The term "organic" has traditionally referred only to animal or plant matter, so there is a common misconception that organic chemistry always refers to life processes, or that inorganic chemistry applies to everything that does not. This assumption is inaccurate. Many chemical processes veer away from this line of thinking, and there are many chemical life processes that depend on inorganic chemical processes.
There are exceptions to every rule. Although carbon is the main common element in organic chemistry, inorganic chemical compounds can contain carbon, too. For example, carbon monoxide and carbon dioxide both contain carbon, but are inorganic compounds. Carbon dioxide, in particular, is also very important to chemical processes necessary for life, especially plant life. The truth is that the lines between inorganic and organic chemistry are often blurred.

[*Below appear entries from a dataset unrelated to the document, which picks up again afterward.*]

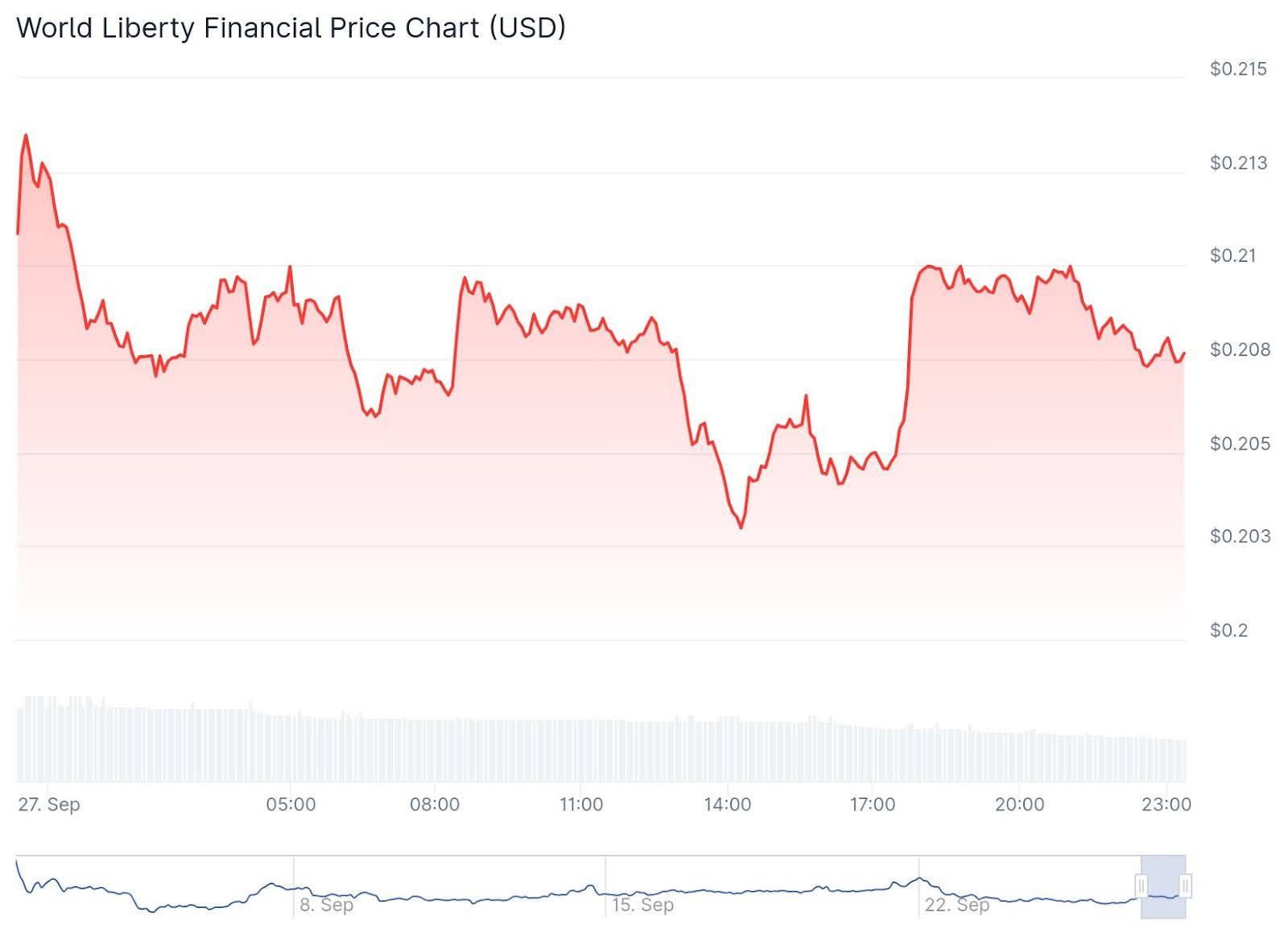 On Saturday, WLFI traded near $0.207, moving between $0.203 and $0.214 over the past 24 hours. Daily trading volume ranged from $300M to $360M, with market capitalization close to $5.1Bn.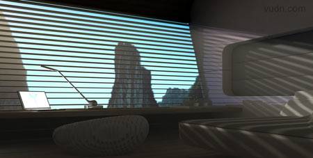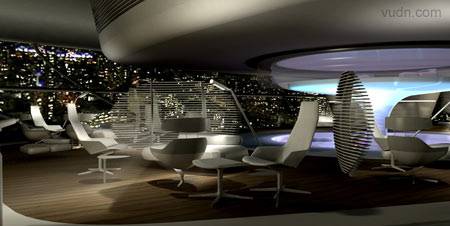 载人飞艇室内设计。将包括一间餐厅,一间图书馆,一间健身套房和浴室。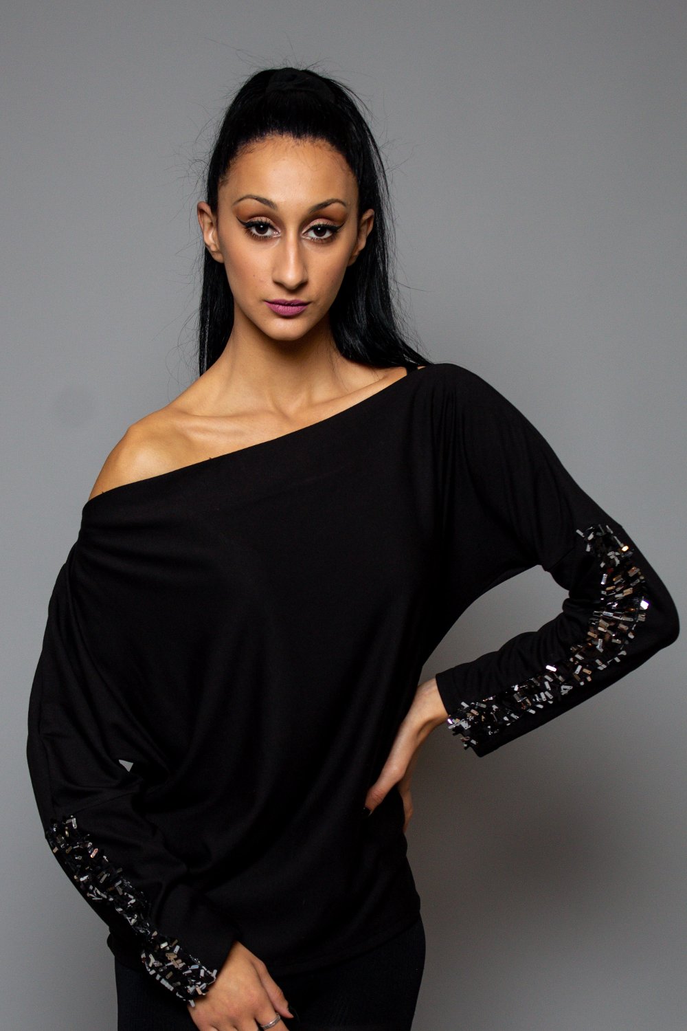 Μπλούζα μαύρη με βαθύ χαμόγελο, ώμο έξω και διακόσμηση παγίετα μανίκι με υπέροχη υφή, εσωτερική επένδυση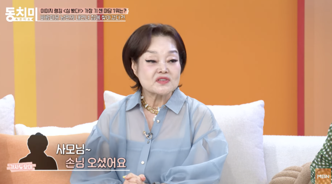 이혜정은 13일 방송된 MBN ‘속풀이쇼 동치미’에 출연, 과거 의사 남편이 바람을 폈을 때를 회상했다.

Inorganic chemistry deals with the following topics:
The history of atomic structure is studied under inorganic chemistry. Though atomic structure is studied under physical chemistry too, in inorganic chemistry, the structure of atom, atomic mass, number, electronic configuration, etc., are learned.
Study of Periodic Table
Inorganic chemistry in periodic table exclusively deals with the aspects of the periodic table like arrangement of elements, the concept of periods and groups, how properties of elements differ with their position in the periodic table, periodic properties of elements in a particular period and group etc. Periodic table is the most important tool box for chemists. It helps us to bring an order into inorganic chemistry. Periodic table is considered as center of study of inorganic chemistry. It systematizes and rationalizes the chemical facts and helps in predicting new ones. It suggests fruitful areas for further research.

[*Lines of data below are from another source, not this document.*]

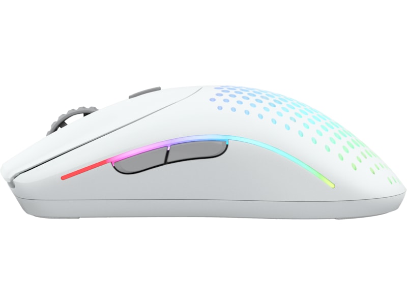 Model O Wireless er en av verdens letteste trådløse spillmus med en vekt på kun 68 gram. Musen har det prisvinnende og ultralette skallet til Model O 2 og en nyoppgradert sensor i form av Glorious sin egen BAMF 2.0-Sensor med en oppløsning på 26 000 dpi. Du vil knapt føle hullene når du spiller, men de gir ventilasjon for å holde håndflatene kjølige og friske. Musen har en batterilevetid på opptil 110 timer med 2,4Ghz trådløs og 210 timer med Bluetooth 5.2 LE. RGB-en settes enkelt inn i Glorious CORE-programvaren.
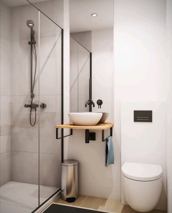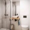 Chaudière à eau chaude 30L, receveur de douche 120×80, pare-douche en verre, robinet de douche, plan de travail (stratifié), miroir, lavabo sur plan, siphon de lavabo avec prise clic-clac, robinet encastré, cuvette de WC, radiateur/chauffe-serviettes électrique.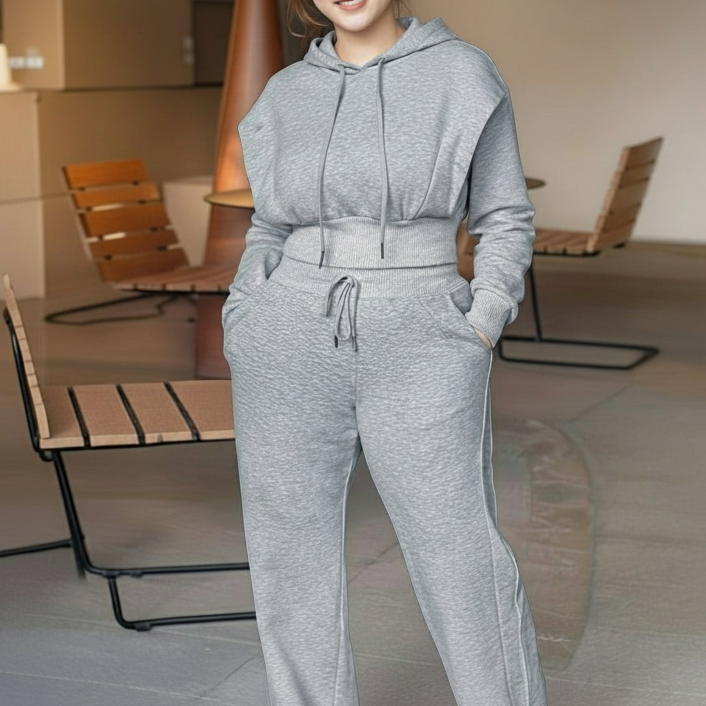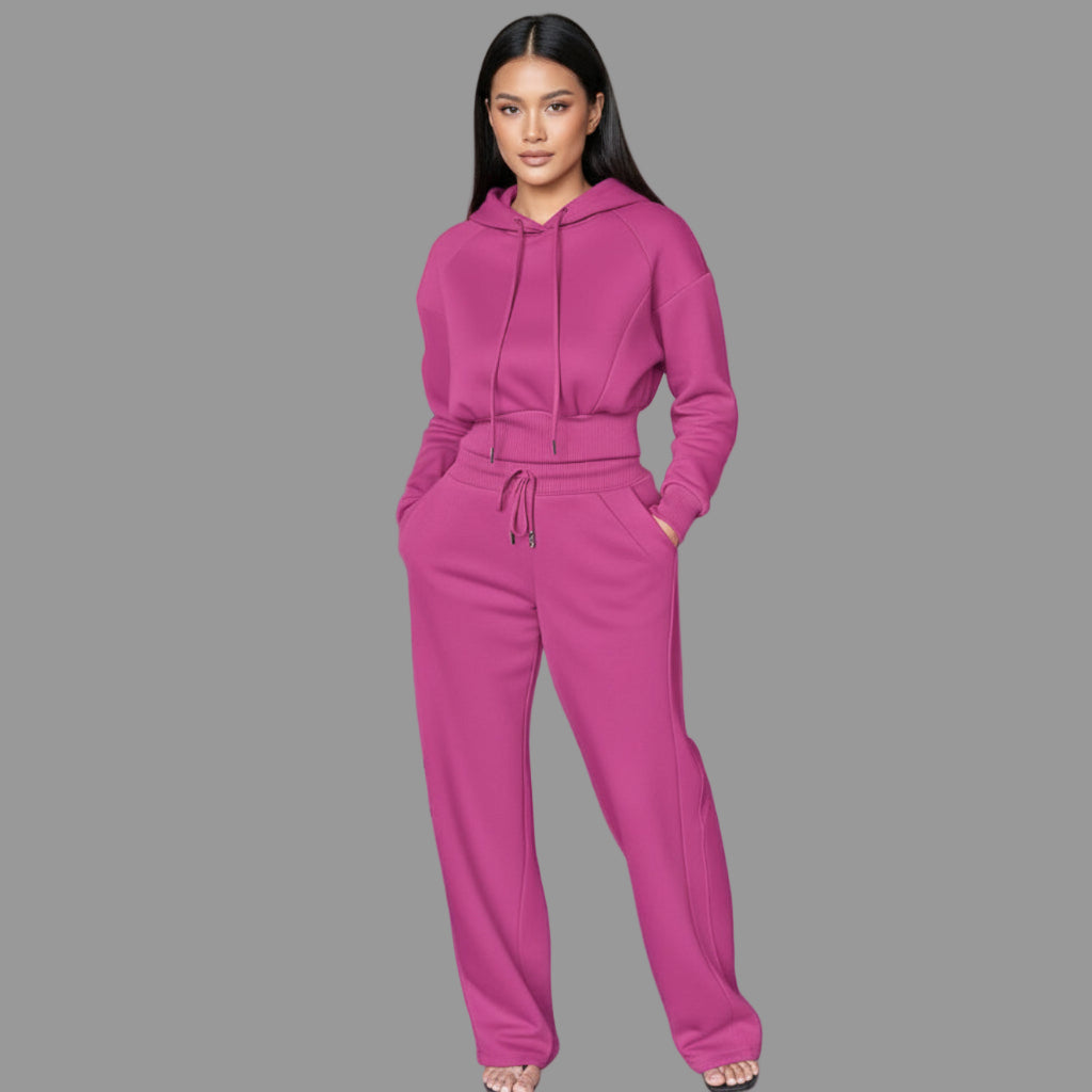 Fashionable Cropped Hoodie with Wide-Leg Pants Outfit
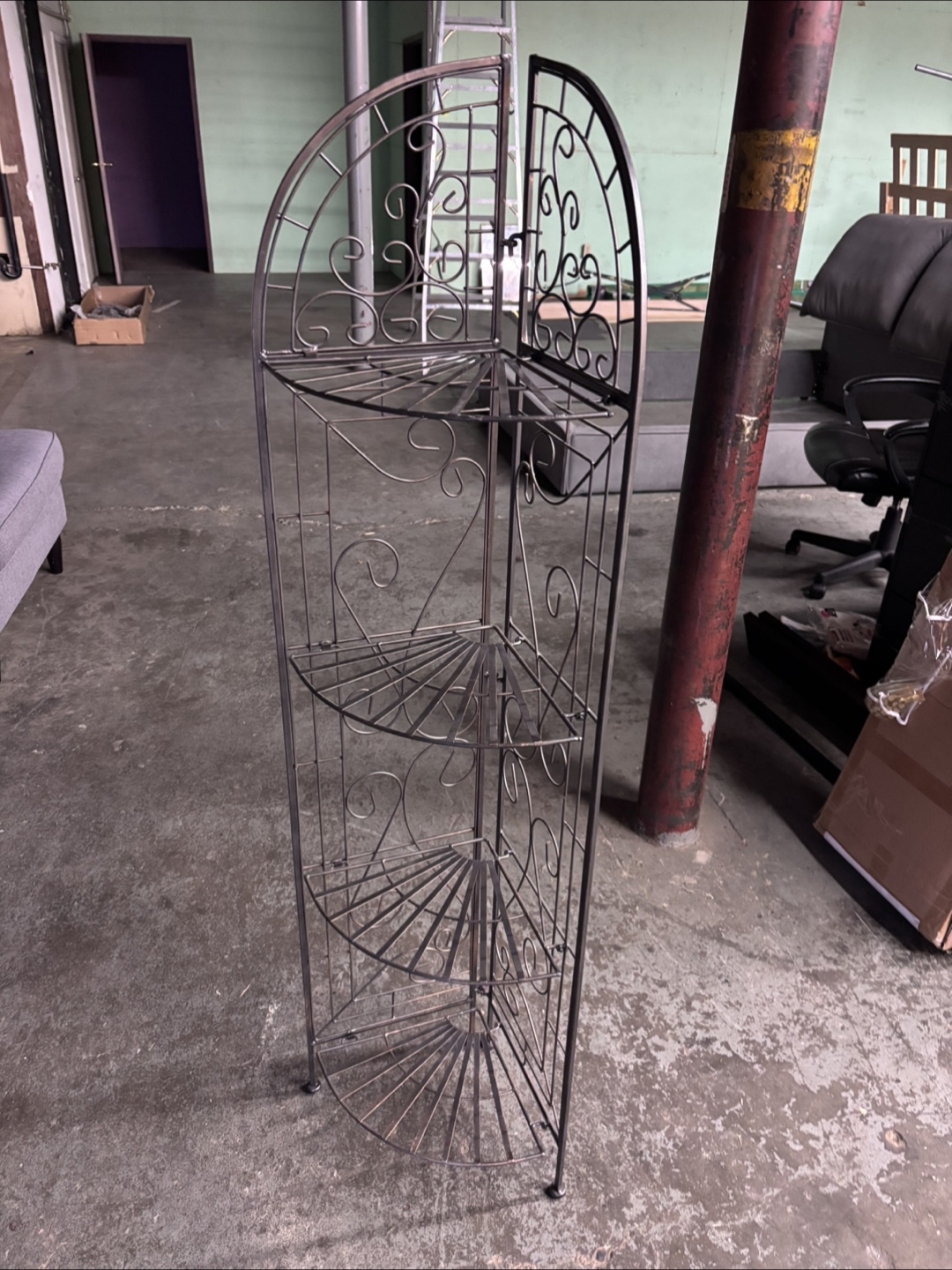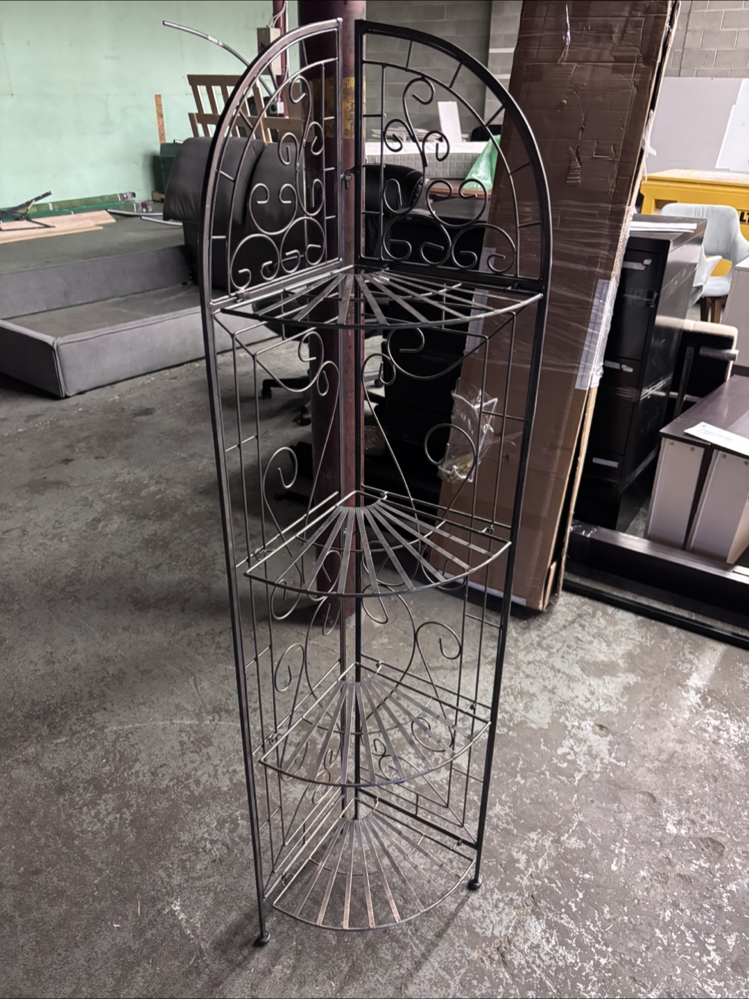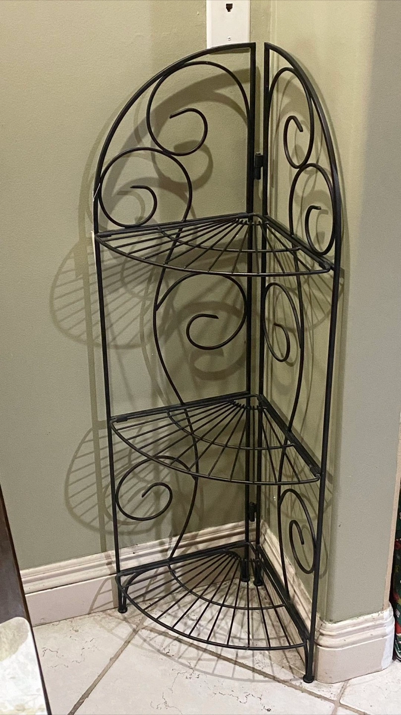 Selling a corner etagere, perfect for adding some storage and style to any room! It's made of metal and has a black finish. It's in good condition and ready to use

Study of Individual Group Elements and Block Elements
Each group contains some elements whose properties are similar to each other. Similarly, each block contains elements which have similar electronic configuration. All these things are studied under inorganic chemistry, as separate topics. The blocks s, p, d and f are usually studied separately and then the groups under these blocks, the elements in them, etc are studied separately.
Ores and Alloys
When studying the individual groups, usually, the ores from which the group elements are extracted, alloys (combination of two or more metals) formed from these elements etc are studied under inorganic chemistry.
Since elements exhibit different types of chemical bonding to form a compound, elements are studied under inorganic chemistry; the chemical bonding is also a very important topic studied under inorganic chemistry. Though some part of chemical bonding is also studied under physical chemistry, main idea about it and the reason behind an element forming a particular bond is obtained from inorganic chemistry.
Concept of Acids and Bases
A chemical substance can be acidic or basic. It is very important to study the property of acids and bases to understand why a particular compound behaves as an acid or a base. The concept of acids and bases, the theories that explain the behavior of acids and bases etc are studied under inorganic chemistry.
This part of inorganic chemistry deals with the study of complexes. The coordination complexes are very important in day to day life. So, studying them is necessary to understand them better. The ligand attached to it, is important, and the geometry of the complexes are studied under inorganic chemistry.
Nuclear and Radioactivity
The phenomenon of radioactivity is studied both under physical and inorganic chemistry. Though physical chemistry studies the theories related to radioactivity, inorganic chemistry deals with reactions based on radioactivity, nuclear reactions, etc. Radioactivity here helps us understand the formation of new daughter nuclei from parent nuclei, isotopes, etc.
Types of Chemical Reactions
There are many types of chemical reactions such as decomposition, combustion, acid-base reaction, etc. All these are studied under inorganic chemistry. It also deals with a very important type of reaction, called redox reaction, or reduction and oxidation reaction. Balancing a chemical reaction and a redox reaction is a topic in itself. Balancing of a redox reaction is more difficult and complicated than balancing a normal chemical reaction. These are studied thoroughly under inorganic chemistry.